The company announced plans to acquire Renewable Energy Group (REGI) on 28 February. Chevron will acquire the outstanding shares of Renewable Energy Group in an all-cash transaction valued at $3.15bn, or $61.50 a share. The transaction was approved by the Boards of Directors of both firms and is expected to close in the second half of this year.

Chevron’s US-based subsidiary Chevron U.S.A. and Iwatani Corporation’s wholly-owned subsidiary Iwatani Corporation of America plan to co-develop and build 30 hydrogen fueling sites in California by 2026. Under the agreement, Chevron is expected to fund construction of the sites, while Iwatani will operate and maintain the hydrogen fueling sites and provide hydrogen supply and transportation logistics services, Chevron said in a 24 February press release.

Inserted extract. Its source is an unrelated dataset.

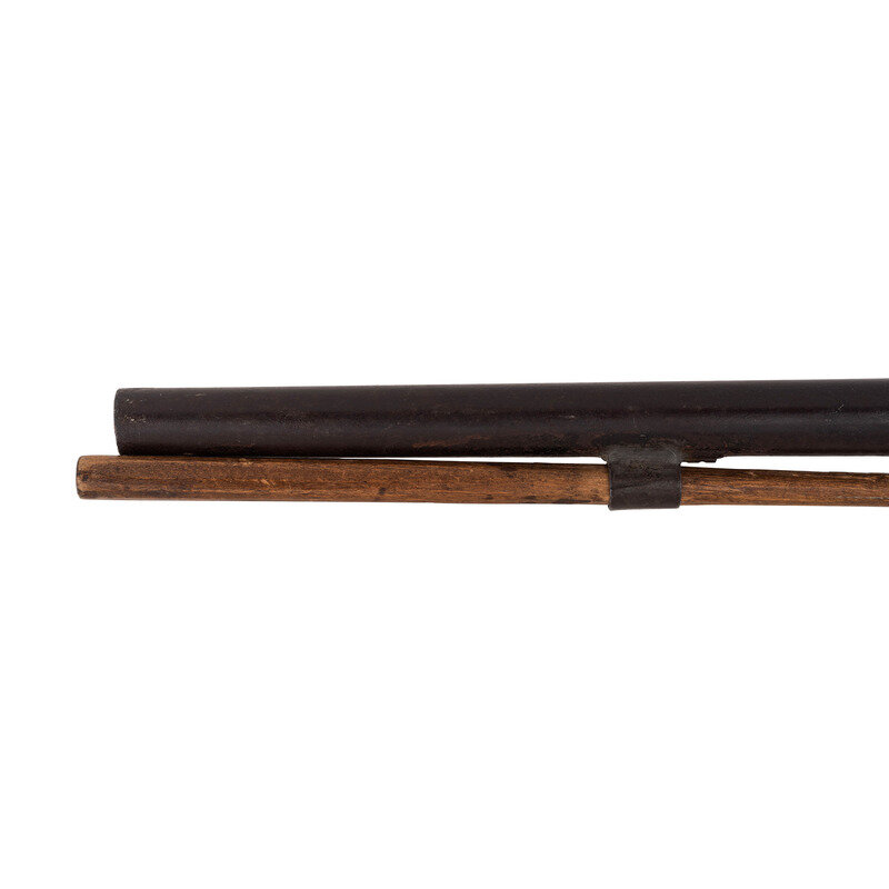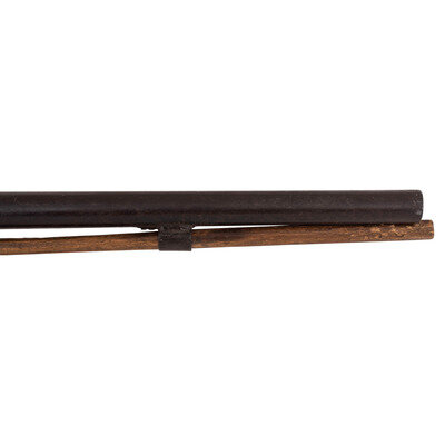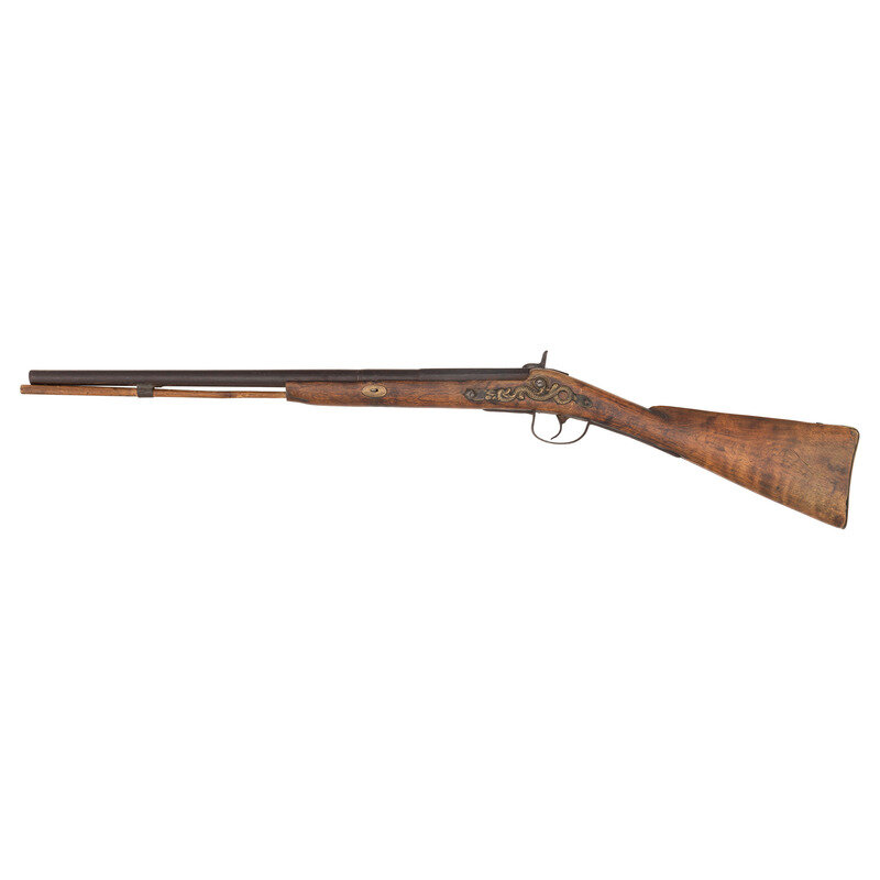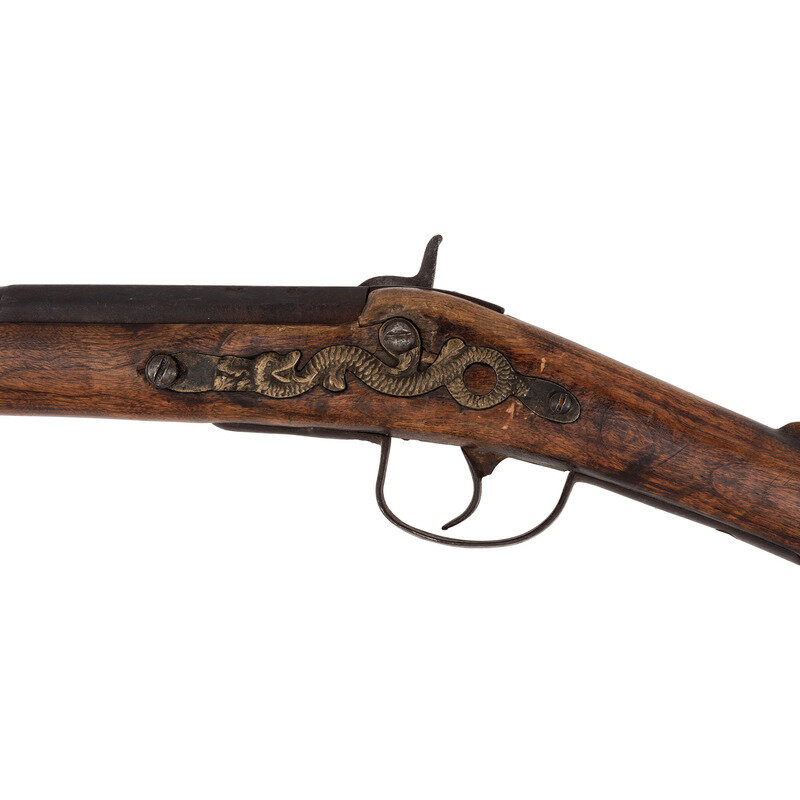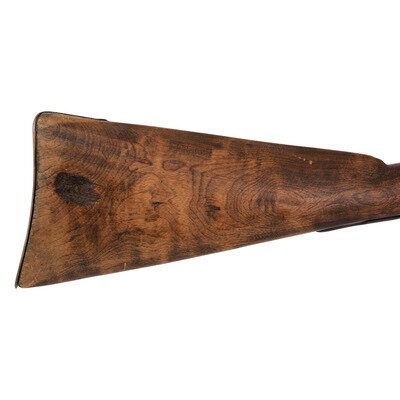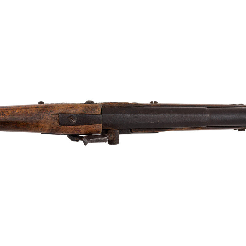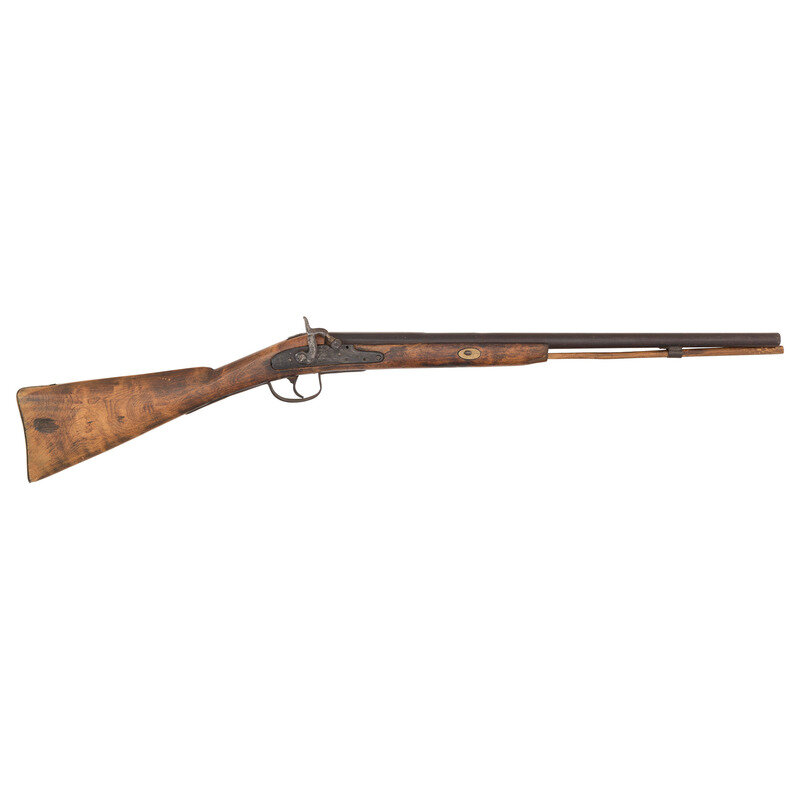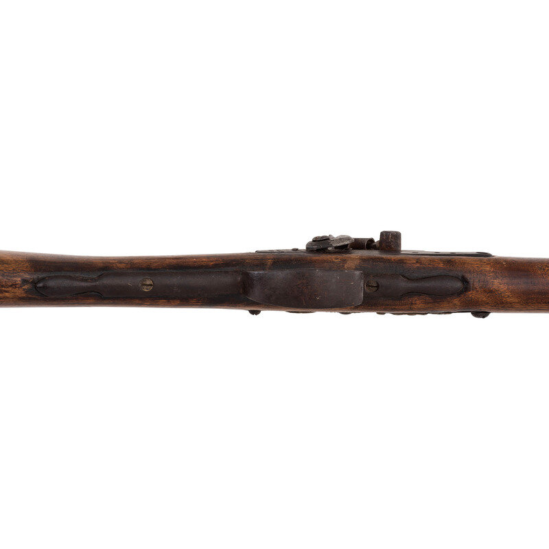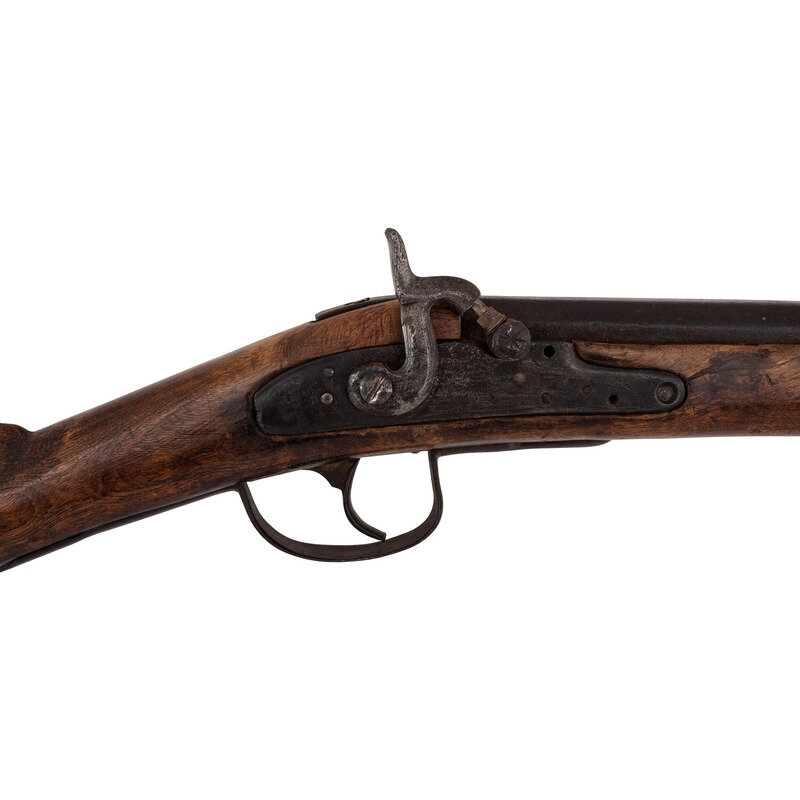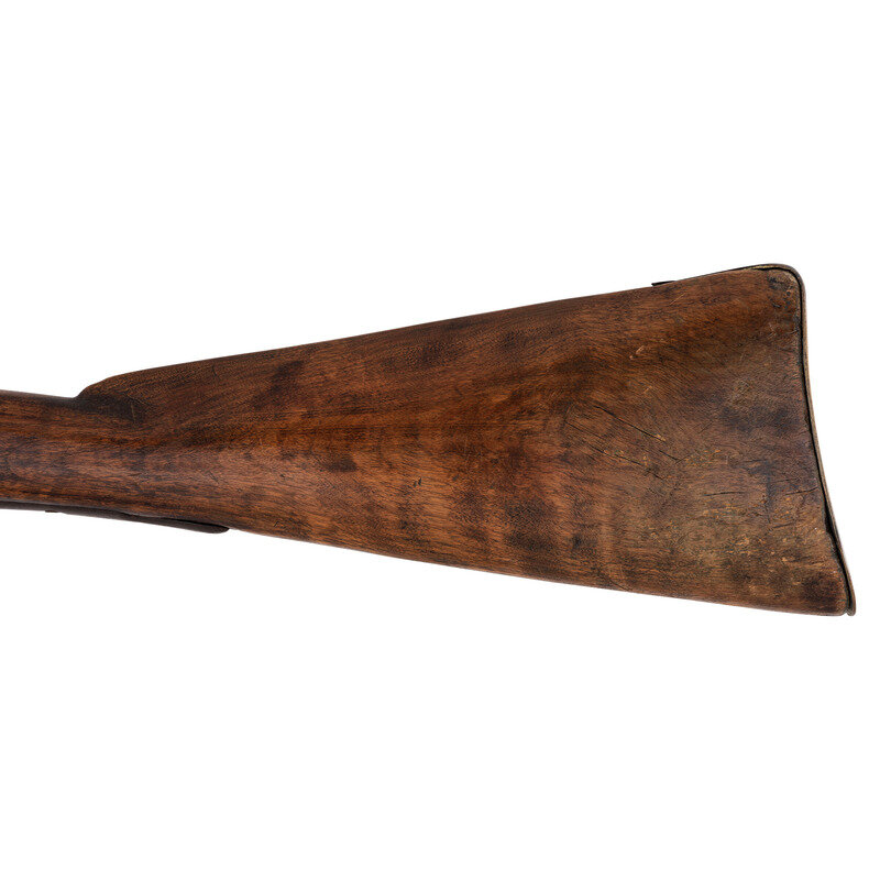 .58 caliber. 23.5" wedge-retained three-stage octagon to round barrel. SN: NSN. Moderately oxidized metal, brass and iron mountings, period of use replaced hardwood stock. Percussion altered flint lock with drum bolster and crude percussion hammer is marked "PARKER" over "1839" in two arcs at the tail. Breech with London commercial proof marks. Gun shortened during the period of use, barrel cut at least 12"-13". Gun restocked during there period as well with a replacement buttplate, but retains the serpent side plate and large iron triggerguard. Barrel secured by a crude iron wedge with brass escutcheon plates. Shortened gun is nominally 29" in overall length, making it more handy for use on horse back or in dense brush. A single iron thimble retains a wood ramrod.

The stock had an average rating of ‘buy’ from 25 analysts. Of the total, 19 analysts gave a ‘buy’ recommendation and six gave a ‘hold’, according to data compiled by MarketBeat. The stock has an average price target of $144.30, varying from the low price target of $112 to the high of $173.

Royal Dutch Shell

Royal Dutch Shell stock price chart

Netherlands-based Shell (RDS) is the fourth largest company in the global oil and gas industry, with a market capitalisation of £196.60bn.

Shell recently completed the acquisition of energy retailer Powershop Australia. Powershop will operate as a wholly-owned subsidiary of the company under the Powershop brand within the Shell Energy business in Australia, Shell said in a 1 February news release.

The acquisition took place through the 100% acquisition of Meridian Energy Australia Group, Powershop’s parent company, by a consortium of Shell and Australian infrastructure investor and manager Infrastructure Capital Group.

Taking a look at the company’s recent earnings, which were for the fourth quarter of 2021, one may note that the firm reported strong adjusted earnings of $6.4bn, supported by higher commodity prices. Strong cash flow from operations excluded working capital of $11.1bn while net debt came down to $52.6bn by the end of 2021.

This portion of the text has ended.